Data Science and Drug Discoveries: A New Model
Alum Brittney Vierra (MIDS ’21) currently serves as the associate director of data science at the biotech company Recursion. In her talk, she discussed how she has used artificial intelligence and machine learning in the field of computational biology, particularly in pharmaceuticals. “The drug discovery process is failing,” she declared, pointing to the industry’s inability to recapitulate academic literature, siloing of data, and reliance on archaic methods of data keeping such as PDFs and scanned printouts to track results.
In her role, however, she has been making strides to modernize the process. For example, she aims to redefine the use of technology to use it not to scale data, but to understand it. By creating a database of all compounds and genetic knockout states, she could teach a machine to identify key cell phenotypes to predict and test the effectiveness of a new drug.
As a result of her efforts, her team at Recursion recently demonstrated their new product: the LLM-Orchestrated Workflow Engine (LOWE). The engine helps simplify the drug discovery process by orchestrating complex workflows and generating novel compounds and scheduling them for synthesis and experimentation. Vierra hopes that with the help of LOWE, drug discovery scientists will be able to utilize data to make the drug discovery process more efficient and less complicated.

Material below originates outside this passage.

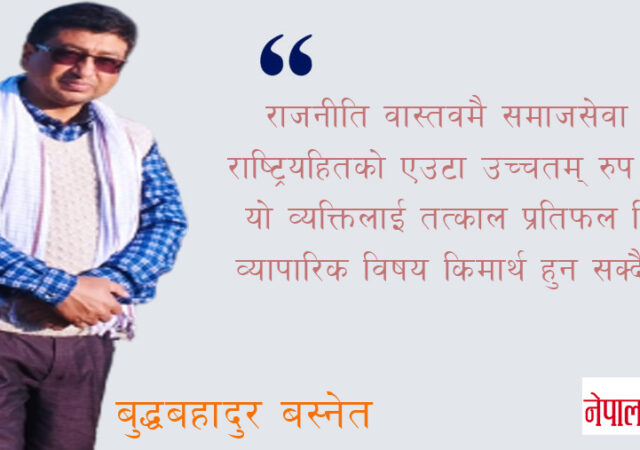 समाज सेवाको उच्चतम् रुप नै राजनीति हो । राजनीतिमा सेवाभावले होमिने हो, न कि कुनै लगानी र प्रतिफलको व्याक्तिगत हिसाब किताबले । सही गन्तव्य तय गरिएको राजनीतिले समग्र मुलुक र जनतालाई निरन्तर प्रतिफल प्रदान गरिरहेको हुन्छ । त्यही नै राजनीतिज्ञको…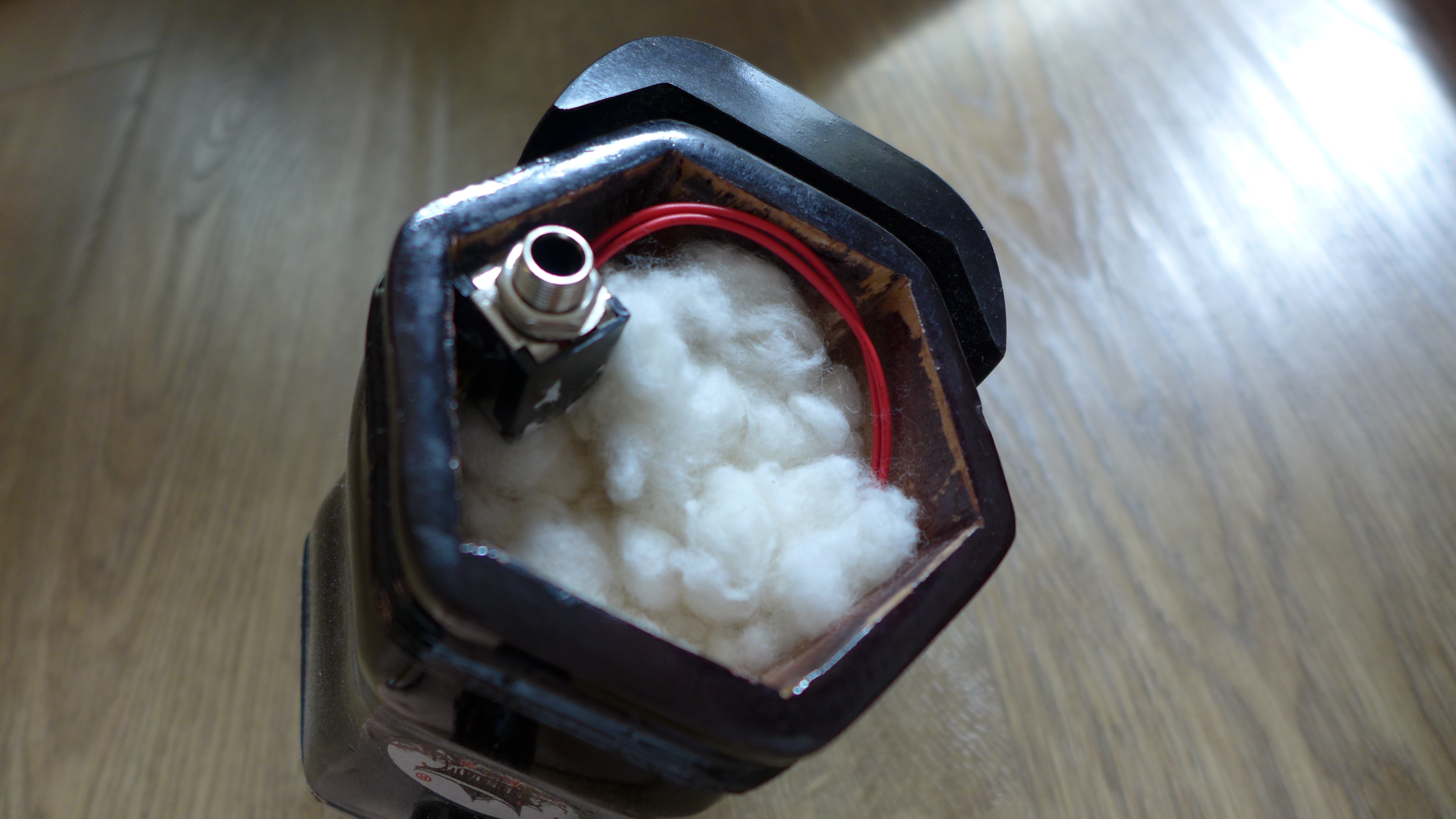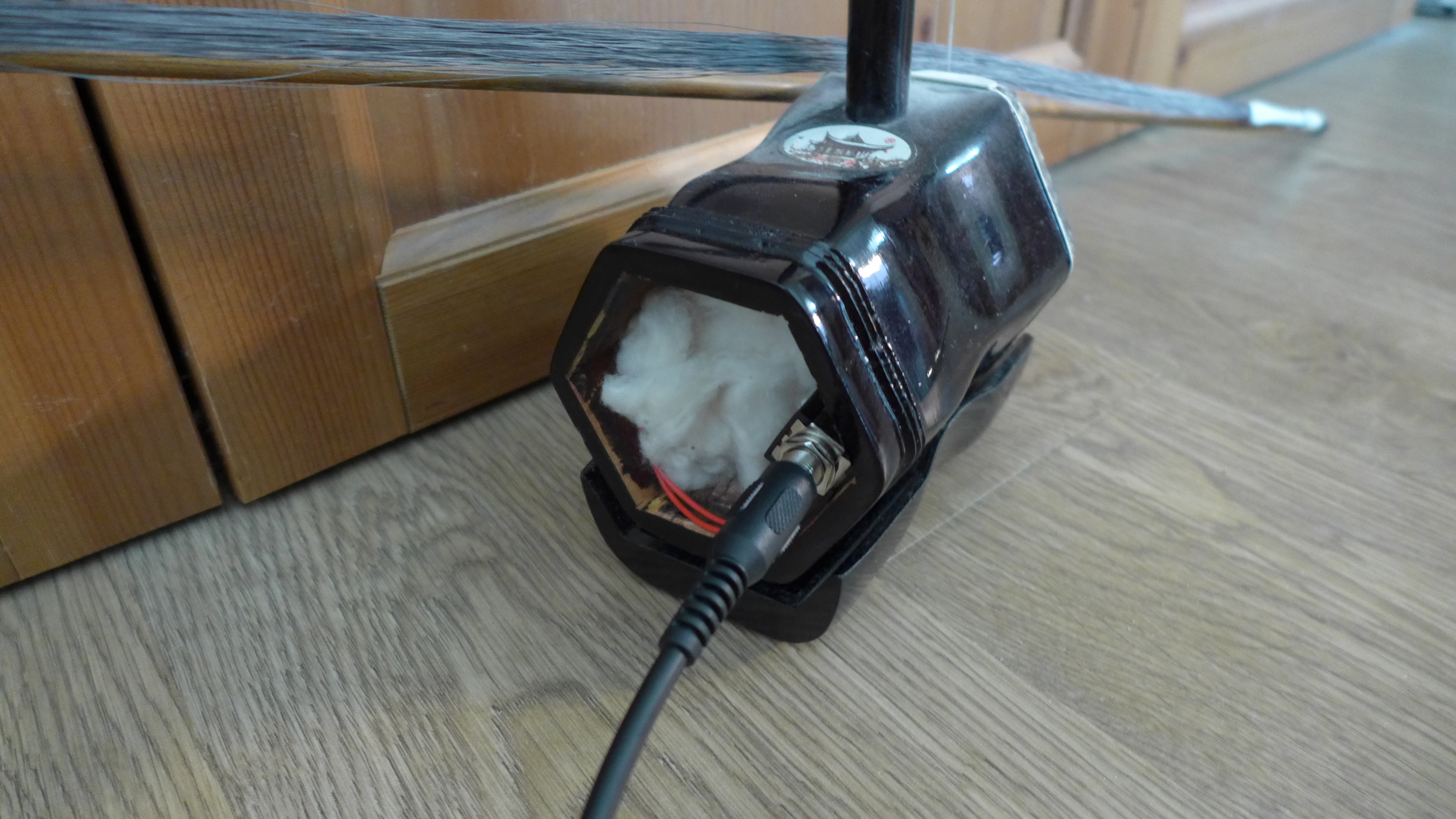 現在基本上這電二胡已經能運作了,但是還有一點重要的沒做,那就是把原本二胡的聲音去掉,在這部分我用的是棉花,把音箱填滿來吸收部分的聲音。

A.I. Meets Human Values: The Present and the Future
Assistant Professor Morgan Ames was the conference’s final speaker and gave a talk on the relationship between artificial intelligence and human values. She addressed the prevailing fear of AI taking over jobs and introduced the concept of the socio-technical gap, which states that there is a divide between what people want and what technology can do. By doing so, she reassured audiences that technology still requires human intervention.
Whereas there was a push to automate the technology or make it more human-like in the past, Ames pointed out that there was an increased interest in augmentation or playing to the strengths of both humans and machines. Despite this interest, however, the augmentation process is not perfect. Companies have taken advantage of this to employ people to do ghost work, which can be dehumanizing, isolating, and economically unviable.
Questions have also arisen about who takes responsibility when technology fails, especially as self-driving car companies such as Cruise fired an entire team of engineers for an accident that occurred in San Francisco.
Despite ongoing media discourse about such technology and its setbacks, Professor Ames reminded the audience about their ability to choose. She explained that while AI will continue to be built and anxieties about technology will continue to grow, humans are ultimately the ones who give machines meaning and choose whether to engage with the technology.
WiDS Berkeley is independently organized by the UC Berkeley School of Information and co-sponsored by the College of Computing, Data Science, and Society (CDSS), the Center for Information Technology Research in the Interest of Society and the Banatao Institute (CITRIS), and other UC Berkeley partners to be part of the mission to increase participation of women in data science and to feature outstanding women doing outstanding work.